Exploitation can be at many levels (you can exploit for example the web server binary itself, or exploit the webapp that manages that server, techniques such as SQLi and XSS belong to the latter world, as for us, we will enjoy only the world binary, more beautiful at least for me) and of course there are cases of extremely complex operation and others with simpler schemes. A more complexity, more fun.
To continue to understand the full meaning of every sentence you read, dear reader, perhaps as healthy as it is to know a little assembler (for now IA32, and go into AMD64 and maybe ARM/64, maybe even AVR) I know it can be scary but well tamed is quite docile, in addition nor excessive knowledge is required before any instruction that one unknown can always consult a manual (for instance, Intel). Similarly, you need to know C or C ++ and Assembler more depth (“asm” from now on).

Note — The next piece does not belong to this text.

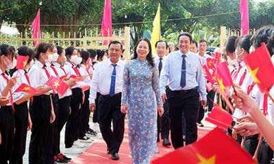 Phó Chủ tịch nước Võ Thị Ánh Xuân đến dự Ngày hội đại đoàn kết tại ấp Cần Thuận, xã Cần Đăng, huyện Châu Thành, tỉnh An Giang. |
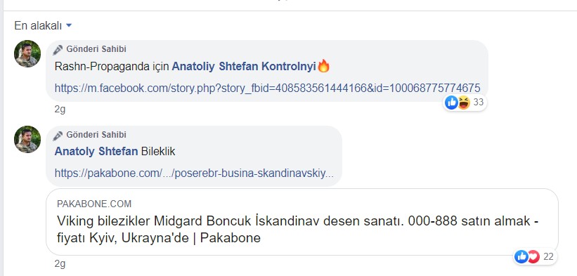 Ukrayna Silahlı Kuvvetleri’nden Anatoly Shtefan, 9 Ekim’de sosyal medya hesapları üzerinden konuyla ilgili paylaşım yaptı. Shtefan, iddiaların propagandadan ibaret olduğunu belirtirken paylaşımında yine Pakabone isimli mağazanın linkini verdi.

These techniques carry exploited since before many of us were born, although I do not think it is possible to determine in which year began research in this field. In any case, surely the intelligence agencies and take the advantage when the public started with it (as has always happened, being the best example cryptography, especially the discovery of asymmetric cryptography). However, the most important milestone was possibly the November 2, 1988 when Robert Tappan Morris, seeing the disaster that was coming, executed his famous Morris worm, responsible for infecting 6,000 computers 60000 connected to the Internet at the time (still ARPANET) ie 10%, causing a damage of thousands of dollars.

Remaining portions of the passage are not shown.